Человек шел не по дороге, а напрямик через лощину, где темно зеленела омытая росой трава. Шел он тихонько, будто спал на ходу или выискивал что под ногами, да что выищешь: трава-то выше пояса. Человек, словно воду, плавно отгребал от себя высокие цветы, с них, оранжево светясь, сыпалась роса, и он вроде просыпался, вскидывая голову, черные волосы взмахивались крылышками и обвисали.
– Он, – сказал я.
– Сами видим, – не слепые, – прогудел за спиной дядя Максим и зачем-то подтвердил: – Идет. – Звякнул уздечкой по сапогу и еще протянул: – Иде-ет.
Я оглянулся. Люди вылазили из шалашей, вычищали волосы от сенной трухи, терли щеки, испещренные продавами от сена, покряхтывали, выгоняя из тела остатки сна, и морщились от солнца, которое растрясло себя кругом – глянуть некуда.
– Кто это шагает? – спросил кто-то сонным голосом, но ему не ответили, ждали.
– Ах, язви, суп убег! – Татьяна захлопотала у котла, Лида кинулась к бочке умываться, и все ожили, зашевелились.
– Дождалась, значит… Матрена. Да-а… – сказал Митяй, пробивая кашлем табачную надсаду. – Повезло.
– Что это он по росе хлюстается?
– Тык у него все на вынтар[4]4
На вынтар – нескладно, наоборот, наизнанку.
[Закрыть], не по-нашему.
Между тем Раздолинский вышел на кошенину.
– Серьг, – грубо толкала меня Варька в шею, – беги встрень, дурень такой.
Меня аж в жар кинуло от ее насилия. Увернулся, посмотрел на нее, наверное, не так, как ей надо было.
– Э-эх, ерш! – И забыла, что я есть, впилась глазами в идущего.
От одежды Раздолинского шел пар.

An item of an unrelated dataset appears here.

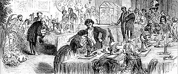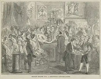 In England, however, it soon came to be far more widely used to denote the gatherings of a far more intellectual character, and was applied in the more specific sense of a scientific, artistic, or literary assembly/soirée,[14] generally held at night.[15][16][17]
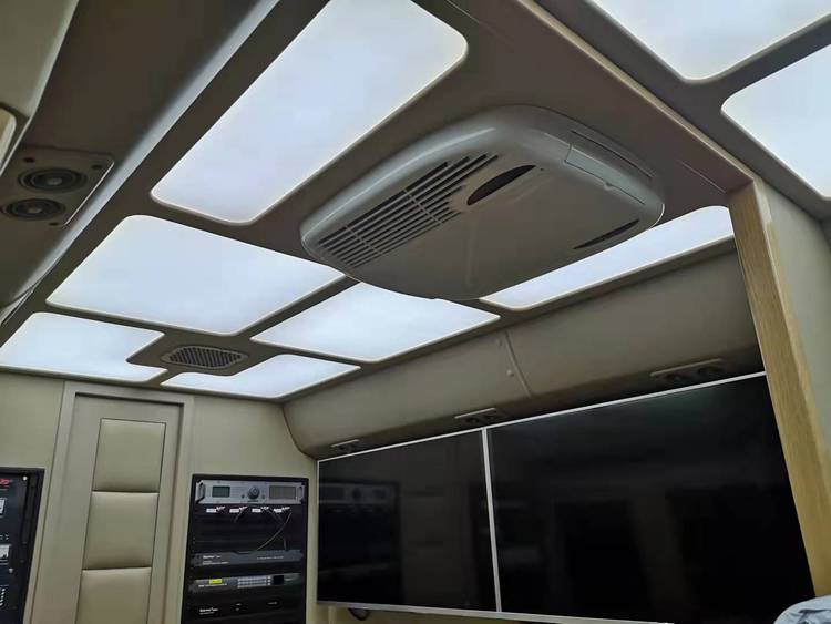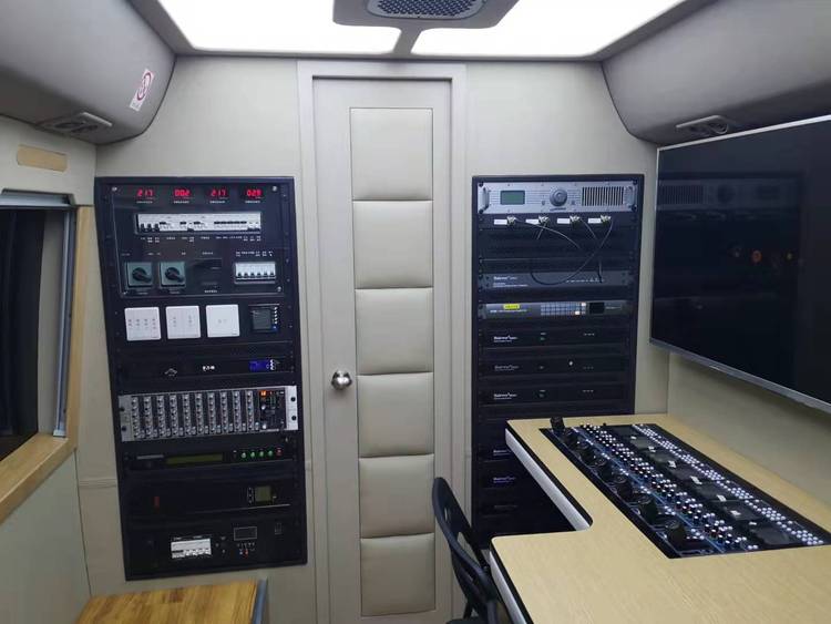 车体底盘采用一类底盘(丰田凯斯特柯底盘的基础上改装车体内部,并加装相应的设备而成。整车主要组成设备包括底盘、电源设备、音视频设备、照明系统、平衡支撑系统、空调、接地系统、控制系统等部分。

Ступал он тяжело, будто не из Доволенки пришел, а из своего Ленинграда.
– Мы глядим, ты не ты? – Дядя Максим откинул узду и сам же ответил: – Однако ты. Серега вон первый усмотрел.
Раздолинский отер рукавом испарину с лица – кожу да кости – повел большими черными без зрачков глазами, улыбнулся.

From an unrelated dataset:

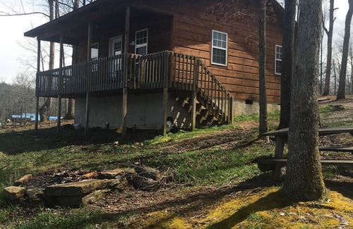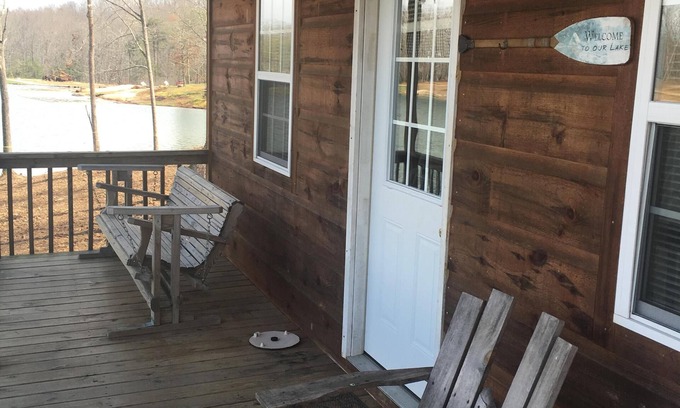Small Cabin setting aside a 185 acre private lake. The Cabin is sitting only a few yards from the waters edge, where you can enjoy a day fishing or swimming in the lake. There is a fire pit and charcoal grill in the yard for those cools nights, a swing/glider on the porch to just sit and relax and enjoy the landscape. Cabin comes fully furnished with linens and cooking utensils. Pets are allowed with extra fee and limited to no more than 2.

– Вот, пришел. Здравствуйте.
И окружили сразу Ивана, зашумели. Смех и слезы. Да слез-то больше было. Ох, радость! Оттуда же ты, из чужих краев пришла горючих, о каких не думалось бы никогда, не гадалось, будь они неладны, края те. А теперь снятся чужие-расчужие. Глазком бы взглянуть на ту землю, в какой зарыты кровинки родные. Скоро они туда успели, а как нам туда дойти, доехать, найти хоть чего?
Раздолинского усадили на лагушку.
– Ну вот…
– Ждали…
– А как же.
И говорить больше нечего. Много надо русскому человеку времени, чтоб разжать спазму души, разговориться, радостью ли обменяться, горем ли.

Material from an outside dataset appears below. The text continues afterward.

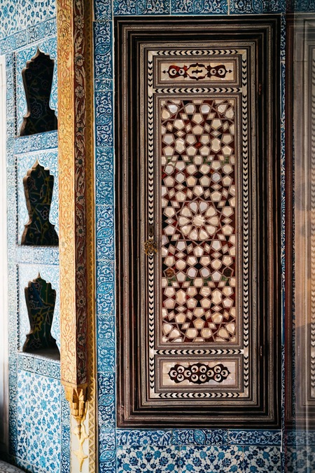 Декоративные узоры перекликаются с Фруктовой комнатой Ахмеда III во дворце Топкапы, например букет цветов на внутренней стороне двери.
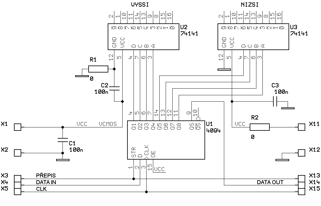 Příklad zapojení displeje retro hodin s digitrony - pouze řídící část, jedno dvojčíslo. Na plošný spoj je nutné dokreslit výstupy k digitronům podle konkrétního typu.

А Лида – Лида и есть. Никого не постеснялась, не побоялась, хоть и Костя вот он стоит, вытирает пуком травы мазутные руки, смотрит, как жена с бывшим милым встречается, держит Раздолинского за руку, в глаза смотрит. А может, и не с бывшим, может, и теперь он мил ей, как прежде? Вон как она вся пылает-горит. На слезы бы не сорвалась.
– Долго ты, Ваня, томил нас. Вот мы тут… – и запнулась, повела рукой, показывая людей ли, степь ли.
Раздолинский гонял кадык по худой шее, глаза, что у совы, округлились, пытался все подняться с лагушки.
– Да сиди, – прижала его за плечо Лида. – Живой ведь еле. – И озиралась, искала меня. – Иди, Сережа, поздоровайся с другом, – и к Раздолинскому: – Не забыл, поди, дружка своего?
Но меня опередил Костя:
– Здравствуй, солдат. Целый?
– Целый.
– Ну и я вроде.
Раздолинский скользнул глазами по Костиному лицу, опустил в землю.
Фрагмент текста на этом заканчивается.